In general, in eukaryotic cells we can find the following representative cell organelles:

  • Cell nucleus (with cell envelope and nucleolus).
  • Plasma or cytoplasmic membrane.
  • Ribosomes.
  • Mitochondria.
  • Vacuoles.
  • Golgi apparatus.
  • Smooth endoplasmic reticulum.
  • Rough endoplasmic reticulum.
  • Peroxisomes.
  • Centrosomes (in animal cells, fungi and in single-celled eukaryotic organisms).
  • Centrioles (in animal cells, fungal cells and in unicellular eukaryotic organisms).
  • Lysosomes (only in animal cells).
  • Cell wall (in plant, fungal and protist cells).
  • Chloroplasts (in plant cells and photosynthetic eukaryotes).
  • Leukoplasts (in plant cells and photosynthetic eukaryotes).
  • Chromoplasts (only in plant cells).

Some of the representative structures of eukaryotic cells that are commonly mistaken for organelles are the cytoskeleton, cytoplasm, cilia, and flagella. If you want to know more about these cells, do not hesitate to read the Similarities and differences between animal and plant cells.

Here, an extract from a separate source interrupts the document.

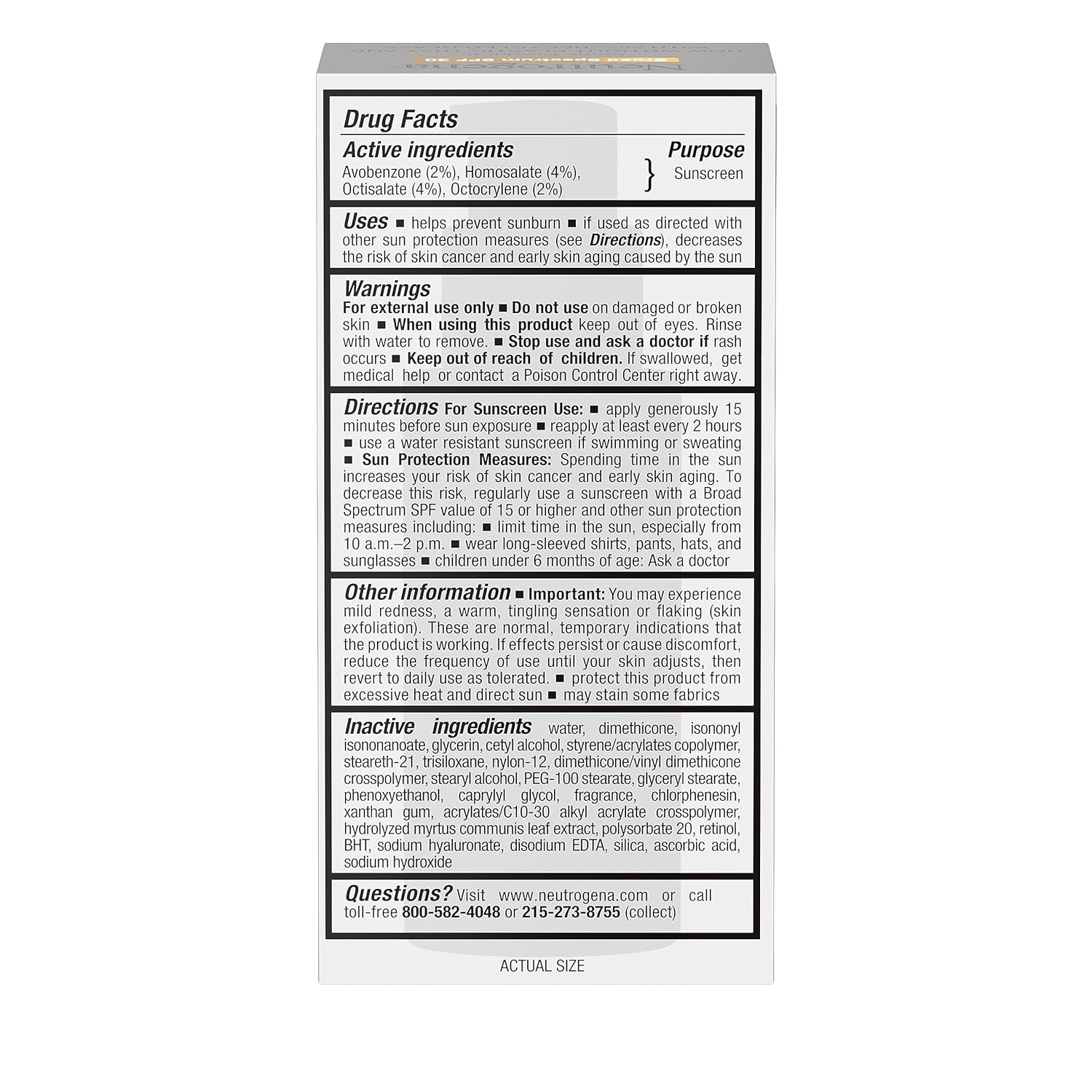 Water, Dimethicone, Isononyl Isononanoate, Glycerin, Cetyl Alcohol, Styrene/Acrylates Copolymer, Stealth-21, Trisoloxane, Nylon-12, Dimethicone/Vinyl Dimethicone Crosspolymer, Stearyl Alcohol, PEG-100 Stearate, Glyceryl Stearate, Phenoxyethanol, Caprylyl Glycol, Fragrance, Chlorphenesin, Xanthan Gum, Acrylates/C10-30 Alkyl Acrylate Crosspolymer, Hydrolyzed Myrtus Communis Leaf Extract, Polysorbate 20, Retinol, BHT, Sodium Hyaluronate, Disodium EDTA, Silica, Ascorbic Acid, Sodium Hydroxide, Avobenzone, Homosalate, Octisalate, Octocrylene

Organelles in prokaryotic cells

Prokaryotic cells make up prokaryotic organisms and they are much simpler than eukaryotic cells. They are characterized by having their genetic material dispersed in their cytoplasm, in an area called the nucleoid. They have some organelles that are not present in eukaryotic cells, such as chlorosomes and gas vesicles.

In general, in prokaryotic cells we can find the following representative cell organelles:

  • Plasma or cytoplasmic membrane.
  • Ribosomes.
  • Gas vesicles.
  • Cellular wall.
  • Storage granules.
  • Chlorosomes (in some photosynthetic bacteria).

Some of the representative structures of prokaryotic cells that are commonly confused with organelles are: the cytoskeleton, the cytoplasm, the capsule, the plasmids, the carboxysomes, the phycobilisomes, the magnetosomes, the pilis, the cilia and the flagella.